XIII: The Conspiracy is a 2008 Franco-Canadian television film in two parts, based on the eponymous graphic novel series by Belgian authors Jean Van Hamme and William Vance, about an amnesiac protagonist who seeks to discover his concealed past. The film served as a pilot for XIII: The Series, which aired on television in 2011.

The film was directed by Duane Clark, stars Val Kilmer and Stephen Dorff, and was produced by Prodigy Pictures and Cipango Films. It was first broadcast in France in October 2008 by Canal+; followed by NBC in the USA in February 2009; by Nine in Australia (as The Conspiracy) in November 2009; and by Five in the United Kingdom in December 2009 (where it was shown as a single feature instead of in two parts).

Plot

The first female president of the United States, Sally Sheridan, (Mimi Kuzyk) is killed by a sniper during her speech at Veterans Day. Her assassin narrowly escapes after a shoot out involving a shadowy figure named La Mangouste (Val Kilmer) or "The Mongoose". Three months later in West Virginia, an elderly couple discover a young man (Stephen Dorff) who lies wounded above on a tree in a parachute. He cannot remember his past and the only clue to his identity is a numerical tattoo on his chest, "XIII", the Roman numeral for 13.

Meanwhile, in the White House, a joint intelligence task force led by Colonel Amos (Greg Bryk) is frantically conducting the search for the President's killer. With the presidential elections just weeks away, a confirmed suspect could swing the vote for the incumbent administration. Regaining his health, XIII searches for more information about the imprint on his body using the couple's home computer. This leads to his location being picked up by the NSA and in no time at all a squad of elite special forces swarm the couple's house in Cape Fear, killing them both.

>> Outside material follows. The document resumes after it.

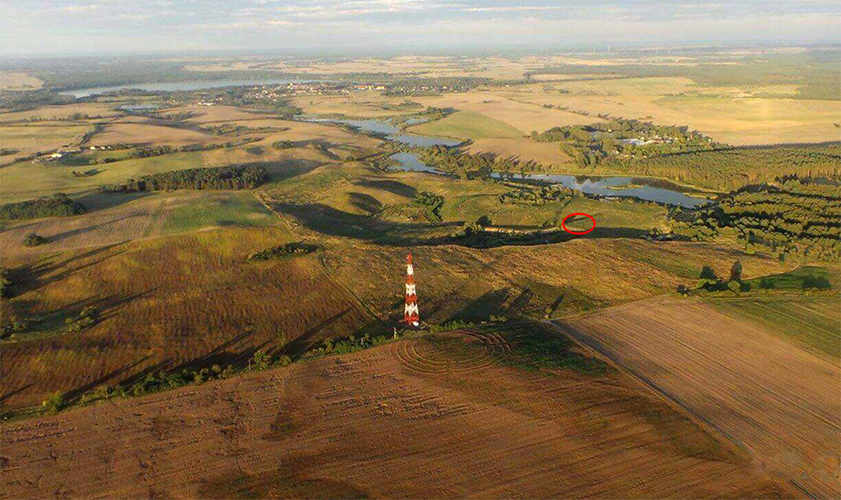 - Obiekt, o którym mówimy, to okrągła budowla o średnicy około 50 m, w formie wału o konstrukcji z dębowych pali tworzących szkielet wypełniony gliną i osłonięty od góry dachem. Otaczał ją głęboki rów o przekroju w kształcie litery V o głębokości obecnie około 2 m i szerokości w górnej części około 2,5 – 3m, ale pierwotnie mógł być nawet o 1 m głębszy i proporcjonalnie szerszy. W wale oraz otaczającym rowie znajdują się trzy przerwy, które były kiedyś bramami wejściowymi, ale też otworami, przez które o określonej porze roku wpadały promienie słoneczne wyznaczając daty świętowania i nadając ceremoniom dodatkowej, kosmicznej mocy. W sumie jest to ogromny, nawet według współczesnych kryteriów obiekt ceremonialny, którego konstrukcja wymagała ścięcia co najmniej 500 solidnych drzew, dostarczenia około 800 ton gliny i wykopania kilkuset metrów rowu a wszystko to przy pomocy kamiennych i kościanych narzędzi. Jednak przyglądając się temu przedsięwzięciu powinniśmy skierować uwagę nie tylko na jego stronę techniczną i ogromny wysiłek, lecz przede wszystkim na motywację, którą kierowali się ówcześni ludzie budując coś tak w sumie mało praktycznego. Wracając do Pani pytania, odkrycie nastąpiło przypadkowo dzięki wykonanym z dużej wysokości fotografiom. W 2016 roku obiekt ten zauważył miejscowy paralotniarz, który na wykonanych przez siebie fotografiach dostrzegł tajemnicze kręgi widoczne w zbożu. Przyczyną takiego efektu jest większe nagromadzenie wody w rowach otaczających rondel a wykopanych 7 tysięcy lat temu, która w okresie suszy sprawia, że zboże jest nieco wyższe i bardziej zielone. Niemal jednocześnie, dzięki tym samym efektom, obiekt ten ukazał się na mapach satelitarnych w portalu Google i tam dostrzegł go archeolog Marcin Dziewanowski, obecnie członek zespołu badającego rondel.

XIII takes out the soldiers one by one. While on the run in New York, he befriends Sam (Caterina Murino), a photo shop owner who helps identify for him a woman in a photo he carries.

Here he attempts to access a memory card found on his person in the hopes of discovering his identity and unknowingly initiates its tracking program. As a result, rogue Secret Service agents track him down at the woman's abandoned apartment, but he fights them off and escapes back to his place where La Mangouste captures him. XIII later awakens to find himself restrained inside a truck where La Mangouste demands to know who he has spoken to. He also reveals to XIII that he is also a part of the conspiracy having been branded "XII". Escaping out of his hands XIII returns to Sam where she informs him that the design on his chest refers back to the ancient Roman Empire wherein secret societies would brand members loyal to their cause. She then gives him some photos that Kim (Jessalyn Gilsig), the woman in the photo, had developed there, which convinces him to head upstate to Kellownee Valley.

Meanwhile, government intelligence has identified XIII from video surveillance as Steven Rowland and plasters his face all over the media to weed him out. He turns up at Kim's house in Kellownee Valley where she, along with her father, General Carrington (Stephen McHattie) and Jones, a CIA operative, have been waiting for him. He learns that he was a former special ops agent who underwent facial reconstruction surgery and placed undercover assuming Rowland's identity. The goal of his assignment was to flush out a group of fascists plotting a coup to overthrow the American government whom Rowland had unwittingly been recruited for. Ensconced within the highest echelons of power, the conspirators run their own security agency alongside the government's.

During this time, Amos and his agents have the house surrounded and move in along with La Mangouste who fires at XIII, but misses and kills Kim instead. The only way now for XIII to get his own life back is to play bait, which is a dangerous game now since he still doesn't know who he really is. A televised presidential debate is interrupted to broadcast that XIII has been captured.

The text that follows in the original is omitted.